S.C. Gov. Henry McMaster unveiled a new collaboration Tuesday between the S.C. Restaurant and Lodging Association, the Department of Health and Environmental Control, and the state Parks, Recreation and Tourism department to provide a special Palmetto Priority Seal for restaurants proven to adhere to safety guidelines.
"I would advise people don't go in if you don't see that seal," McMaster said.
The collaboration would provide a Palmetto Priority Seal for restaurants to display, who have taken an available 13-minute online training, completed a virtual DHEC inspection, and passed the tests proving their staff is taking precautions such as wearing masks, sanitizing tables and menus, using appropriate social distancing, and more.
If the restaurant has that seal, McMaster said, that means they are participating and in full compliance.
He also said if the restaurant has that seal and patrons notice safety guidelines are not being followed, they can report the establishment to the SCRLA.
"That's where the public comes in...you see these requirements are not being met, you can go on the internet and you can bring that fact to the authority of the Restaurant and Lodging Association," McMaster said.
The website where restaurants can sign up is www.palmettopriority.com and after July 1 they can go there and do their virtual food safety check and complete their application.
The restaurant has three chances to fix their mistake if they are founded to have a legitimate shortcoming in their safety performance, and on the fourth strike, McMaster said their Palmetto Priority Seal would be taken away.
John Durst, with the SCRLA, noted the "incredible strength of our restaurants".
"We have developed guidelines which provide a roadmap to strategically maximize and hasten our recovery as an industry," Durst said. "Working together, we will be a model of resilience across our country."
SCDHEC's acting director Marshall Taylor said that the program is a great step the state is taking.
"[Restaurant] owners can show their dedication for protecting their employees and patrons from COVID-19...by choosing to dine at a restaurant that has opted to participate, customers can rest assured that the restaurant has met the requirements ...", Taylor said.
McMaster said that beyond losing their seal, restaurants who continue to ignore safety guidelines could face punishment from DHEC.
"DHEC has the authority under a different set of rules to take action if someone is endangering public health," McMaster said.
Durst and McMaster did address the scenario of someone possibly maliciously reporting a business unnecessarily.
"Those sorts of things will be confirmed by SCRLA in their investigation [of the complaints]," he said. "Maliciously spreading misinformation would be subject to the laws of libel and slander."

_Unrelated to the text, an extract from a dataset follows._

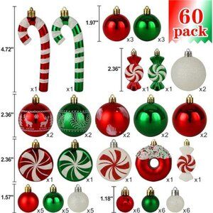🧿Traditional Christmas Tree Ornaments-there are 60 piece green red white ornaments in this Christmas ornaments set, small and big ones such as candy, donut, different size of balls, these ornaments all made out of shatterproof plastic, friendly for the family with kids and pets

McMaster also said having the seal did not mean a restaurant would have surprise DHEC inspections.
"No, no. Every time a customer walks in, that's an inspection," he said.
The City of Greenville recently made masks mandatory in certain places, but McMaster said he thought that such a mandate would be difficult to enforce, and that there was a question of constitutional limits.
He did say that the state "will make those decisions as they become necessary", and noted that the recent spike in positive COVID-19 cases "was partly expected" because the state has increased testing.
"Am I concerned that people are not social distancing and wearing masks like they should? Yes, I'm concerned about that, and that's why we keep saying people please follow the advice," McMaster said.
Durst, Taylor, and McMaster said the collaboration between their entities would help the issue of rising positive COVID-19 cases without the further constitutional questions of mandating masks.
"This is a better vehicle to accomplish the same goal. It has no cost, it ties up no police resources, it is a very positive thing and we believe it will work very well," McMaster said.